Fox Sports replaced Orbit ESPN on 13 January 2009.

One of the reasons that break the contract with ESPN is the severe financial problems happened at that time, since 1999–2000 the production graph line has been moved down. In 2009, a major delay in paying salaries for Orbit employees in Egypt, Lebanon and KSA for more than four months.

== BBC Arabic television ==
BBC Arabic Television was originally transmitted via Orbit from 1994 until 21 April 1996, when it was taken off air by Orbit after the channel broadcast an episode of the BBC Panorama program critical of the Saudi Arabian government. Many of the BBC Arabic Television staff then went to work for Al Jazeera.

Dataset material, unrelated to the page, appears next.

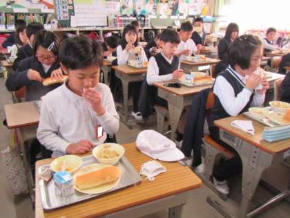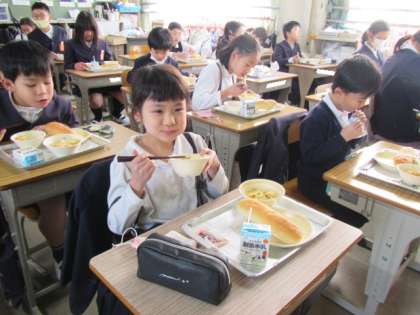 給食の時間が始まりました。今日もおいしくいただきましょう♪
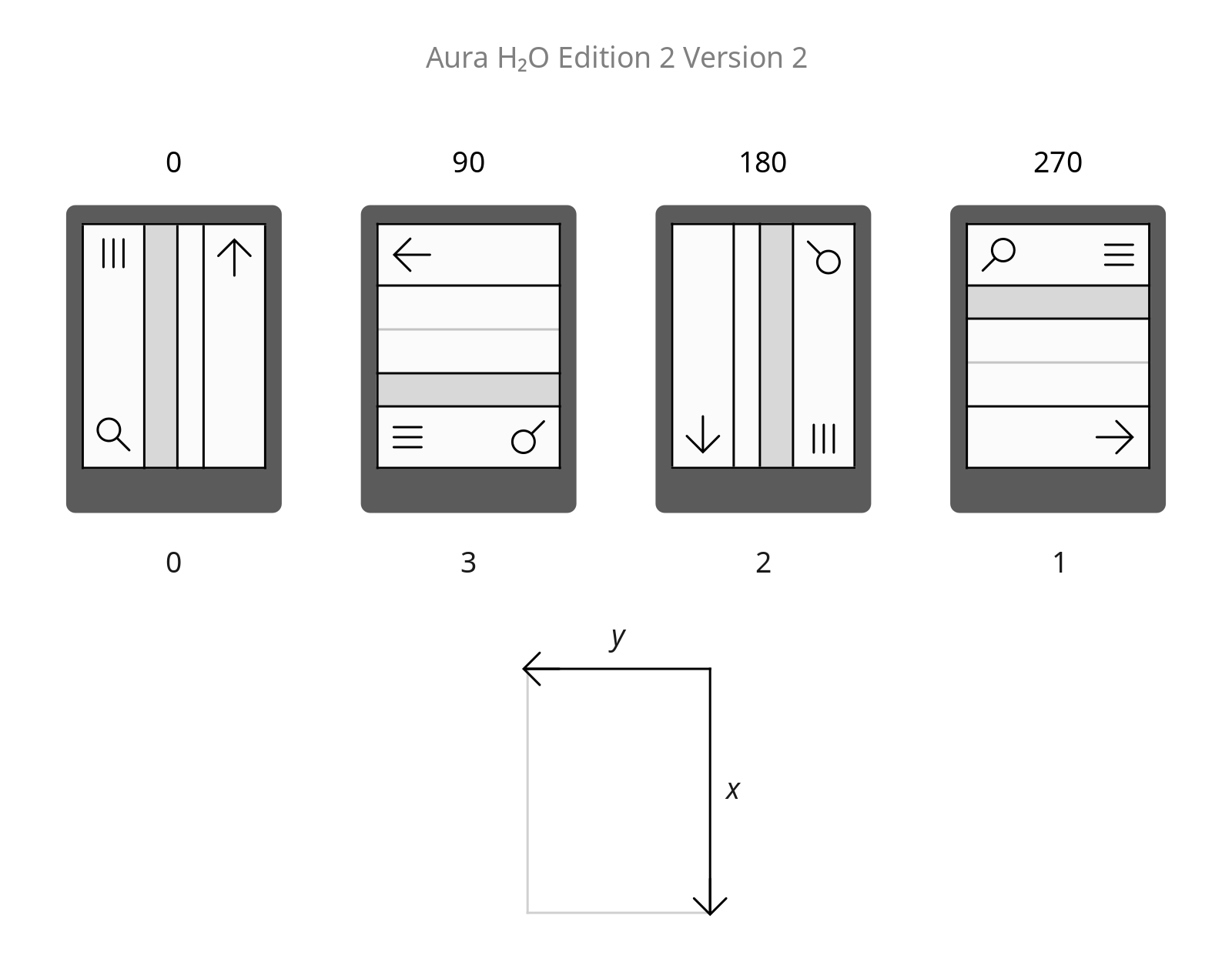I've attached an example of visual representation that could be used to communicate the required information. The row of numbers under the devices indicates the read values when the written values are 0 1 2 3. On the Aura H₂O, for example, this row would be 2 3 0 1. The axes of the touch coordinates are given at the end. |

The BBC has since relaunched the channel autonomously in 2008.

== Showtime Arabia merger ==
On 12 July 2009, Showtime Arabia and Orbit Communications Company announced a merger that created the “biggest Pay-TV platform” in the Middle East and North Africa.

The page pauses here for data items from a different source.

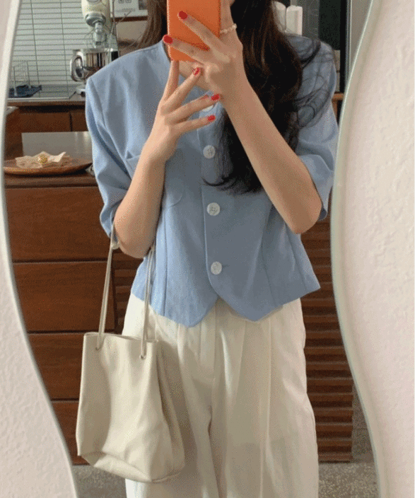 [sale/초특가!!] 무지 배색 버튼 브이넥 반팔 자켓 블라우스 셔츠
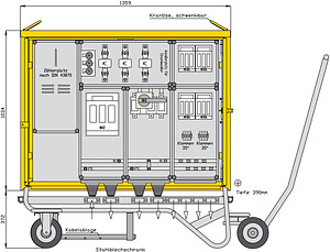 Anschlussverteilerschrank für Conta iner 44kVA mit Zählerplatz, 2 RCDs
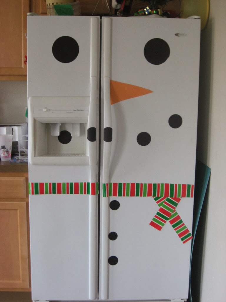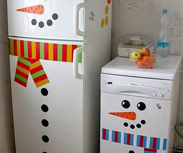 Cute and adorable decorating ideas for refrigerator. Paint it for the winter season with the help of colored adhesive tape or paper application! Instead bored and trite magnets, you can make this popular thing in any family, in a cheerful pakemona or hungry snowman, you

The newly formed company, which is called OSN, is an equal partnership that would offer 70 exclusive channels featuring new movies, sports, series, Arabic content and international shows.

New customers can subscribe to packages featuring Showtime Arabia and Orbit's programs, while existing subscribers will be able to either retain or upgrade their content. The company will offer HD channels, video on demand and other interactive services.